_Task:_
With the pictures set aside, reproduce each entry precisely as it reads.
-------- Data for the task
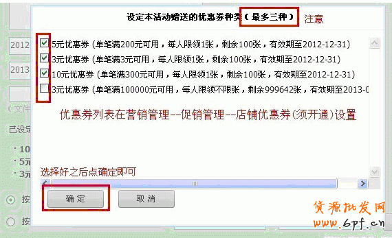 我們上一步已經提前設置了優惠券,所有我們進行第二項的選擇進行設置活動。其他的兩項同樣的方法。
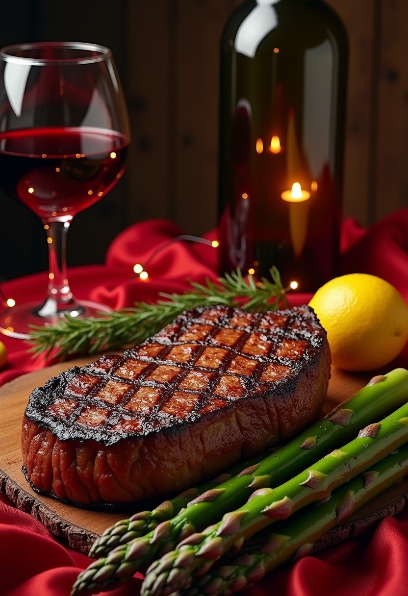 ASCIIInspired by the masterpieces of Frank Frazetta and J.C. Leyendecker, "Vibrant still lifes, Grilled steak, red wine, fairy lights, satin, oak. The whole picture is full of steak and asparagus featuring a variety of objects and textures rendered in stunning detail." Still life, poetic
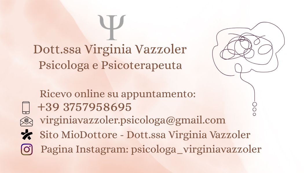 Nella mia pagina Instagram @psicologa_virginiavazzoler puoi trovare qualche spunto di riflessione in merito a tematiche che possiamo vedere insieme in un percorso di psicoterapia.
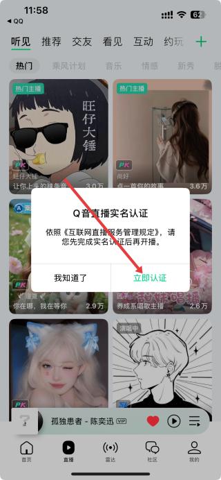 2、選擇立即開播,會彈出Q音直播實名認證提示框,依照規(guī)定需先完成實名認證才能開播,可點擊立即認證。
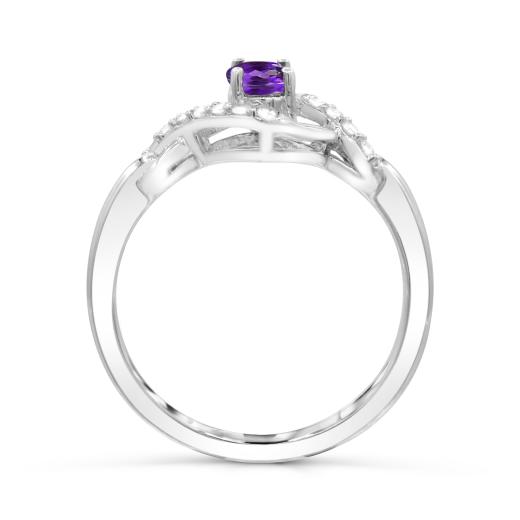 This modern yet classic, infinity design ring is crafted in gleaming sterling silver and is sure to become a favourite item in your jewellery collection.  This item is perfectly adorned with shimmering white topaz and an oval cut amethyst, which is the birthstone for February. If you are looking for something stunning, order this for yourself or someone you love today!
----------------
_Solution to this exercise:_
 我們上一步已經提前設置了優惠券,所有我們進行第二項的選擇進行設置活動。其他的兩項同樣的方法。
 ASCIIInspired by the masterpieces of Frank Frazetta and J.C. Leyendecker, "Vibrant still lifes, Grilled steak, red wine, fairy lights, satin, oak. The whole picture is full of steak and asparagus featuring a variety of objects and textures rendered in stunning detail." Still life, poetic
 Nella mia pagina Instagram @psicologa_virginiavazzoler puoi trovare qualche spunto di riflessione in merito a tematiche che possiamo vedere insieme in un percorso di psicoterapia.
 2、選擇立即開播,會彈出Q音直播實名認證提示框,依照規(guī)定需先完成實名認證才能開播,可點擊立即認證。
 This modern yet classic, infinity design ring is crafted in gleaming sterling silver and is sure to become a favourite item in your jewellery collection.  This item is perfectly adorned with shimmering white topaz and an oval cut amethyst, which is the birthstone for February. If you are looking for something stunning, order this for yourself or someone you love today!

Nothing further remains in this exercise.